= Khenpo Yeshe Phuntsok =

Khenpo Yeshe Phuntsok was born in the Kham region of Tibet in Sichuan Province, China in 1971.

After completing Chinese primary school from 1978 to 1983, he focused on learning Tibetan and was admitted to Sichuan Tibetan school in 1985.

He arrived at Serthar Larung Gar Five Sciences Buddhist Academy in late 1986. From his root guru, Dharmaraja Jigmey Phuntsok Rinpoche, he received numerous teachings of both Sutrayana and Tantrayana, as well as many direct transmissions of tantric pith instructions. After having earned the title "Khenpo" conferred by Rinpoche, he took part in the teachings at the Institute and was responsible for educating the Tibetan Sangha for nine years. In 1996, he was entrusted by Rinpoche to devote himself to the education of Chinese-speaking monastics.

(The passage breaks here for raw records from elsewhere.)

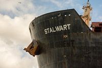 De boeg de mast Het anker en een hoek van een dekluik van een ruim. De lasnaden van de huidplaten van de romp. De eenzame meeuw aan de mooie wolkenlucht. De overgeschilderde naam onder de nieuwe zwarte verf. En de mooie roest sporen waar het zoute water de verf aangetast heeft. Dit is een…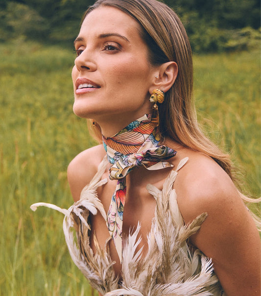 Hoopoe Hop Silk Twill in Stone 165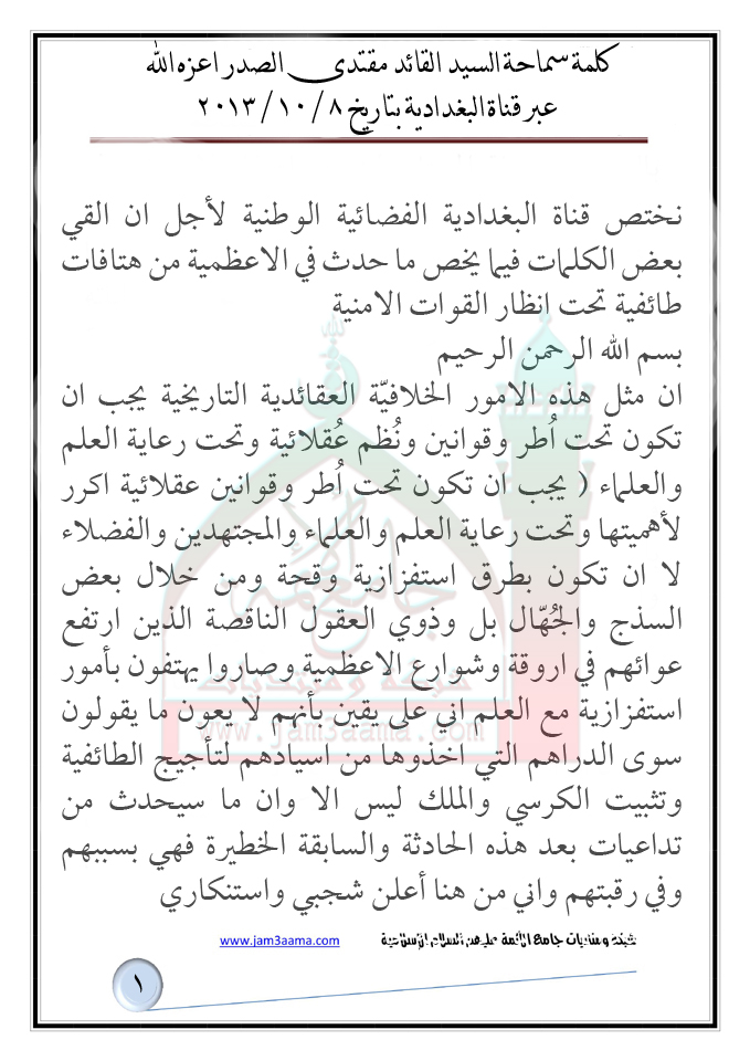 كلمة السيد القائد مقتدى الصدر اعزه الله حول ما صدر من هتافات طائفية في الاعظمية ( منضدة )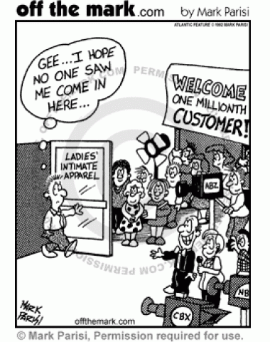 Lingerie Store Embarrassment Man walking into ladies' intimate apparel store hopes no one saw him, not realizing there's a big celebration waiting because he's the one millionth customer.
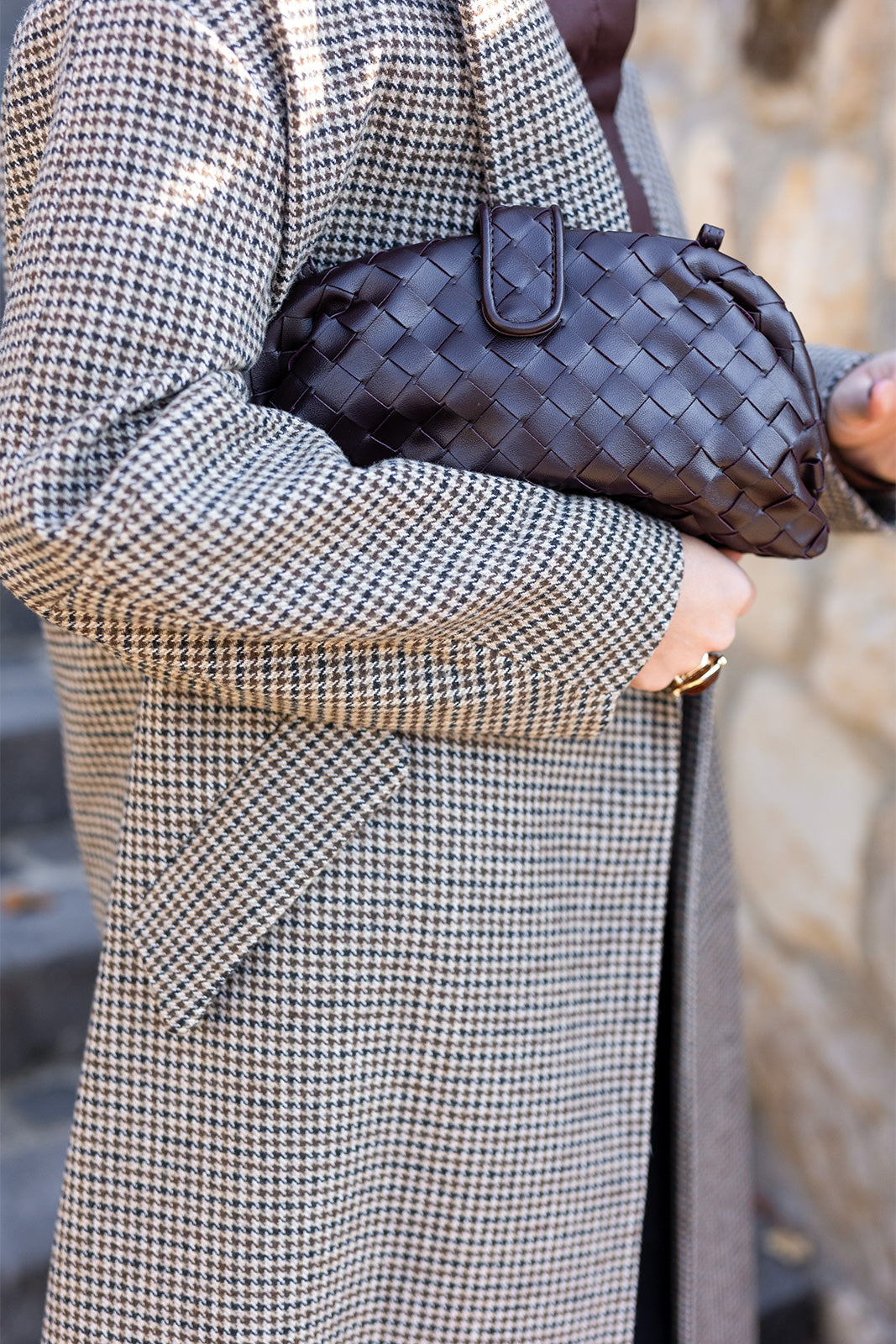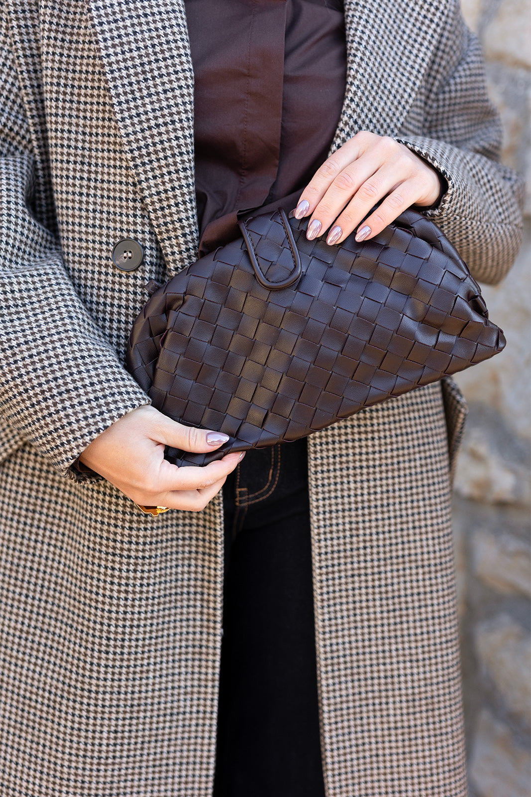 Ez a fonott vegán bőr clutch táska a stílusos minimalizmus megtestesítője. Prémium minőségű, puhán strukturált valódi bőrből készült, amely időtálló eleganciát és finom fényt biztosít. A táska kézzel szőtt mintázata különleges textúrát ad, míg a kompakt méret tökéletes választás esti programokhoz vagy elegáns nappali megjelenéshez. Egyszerre modern és klasszikus darab, amely bármilyen szettet feldob.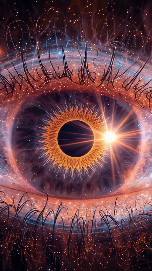 AI Generated Image. Vertical 4K loopable video showing cosmic eye with fiery golden iris and central dark pupil, star flare sweeping across corneal rim and glowing eyelashes, stardust particles drifting through frame. Surreal celestial composition blending astronomical and organic detail, creating cinematic mystical atmosphere. Use in music visuals, sci-fi title sequences, meditation clips, app splash screens, social media vertical stories, YouTube Shorts, Instagram Reels, TikTok videos, live event projections, VR experiences. Production tips: color grading friendly, loopable for seamless playback, adding ambient sound design for immersive impact, overlaying text or logo on dark pupil area for titles or branding, cropping to portrait ratios for mobile platforms.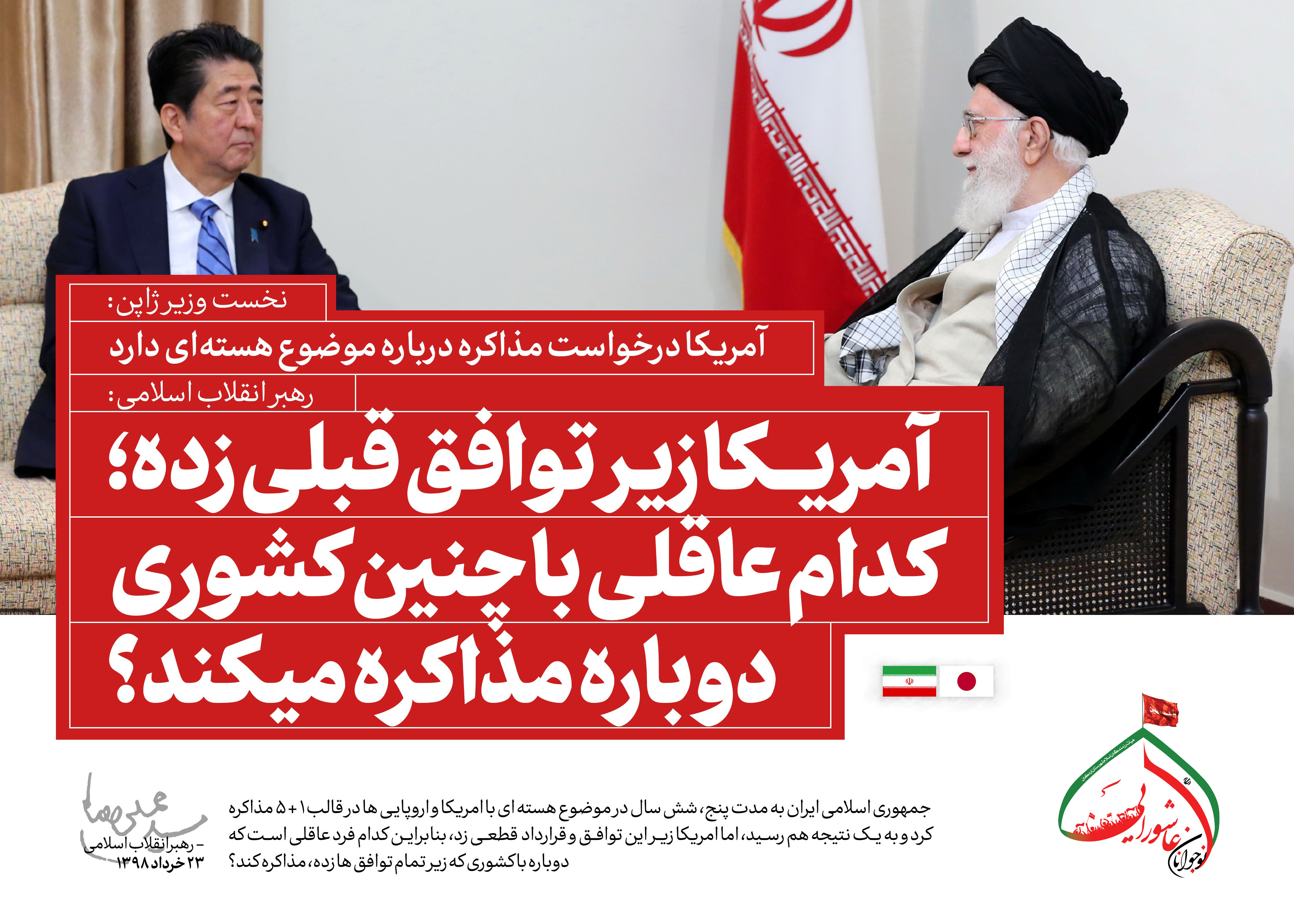حضرت آیتالله خامنهای با اشاره به صحبتهای نخستوزیر ژاپن مبنی بر درخواست آمریکا برای مذاکره دربارهی موضوع هستهای، گفتند: جمهوری اسلامی ایران به مدت پنج، شش سال در موضوع هستهای با آمریکا و اروپاییها در قالب ۱+۵ مذاکره کرد و به یک نتیجه هم رسید، اما آمریکا زیر این توافق و قرارداد قطعی زد، بنابراین کدام فرد عاقلی است که دوباره با کشوری که زیر تمام توافقها زده، مذاکره کند؟

Today, Khenpo still resides at the Institute to teach and guide both the monastics and lay practitioners, implementing the study and practice of bodhicitta, prajna (wisdom), Pure Land Practice, Lamrim (stages of the path to enlightenment), the Five Treatises of Maitreya, and other tantric and Mahayana teachings. He has founded the Mahayana and Vajrayana Buddhist Society, which offers many teachings including classes on mind training, lamrim ("the stages of the path"), pure land practice, prajna (wisdom), and meditation.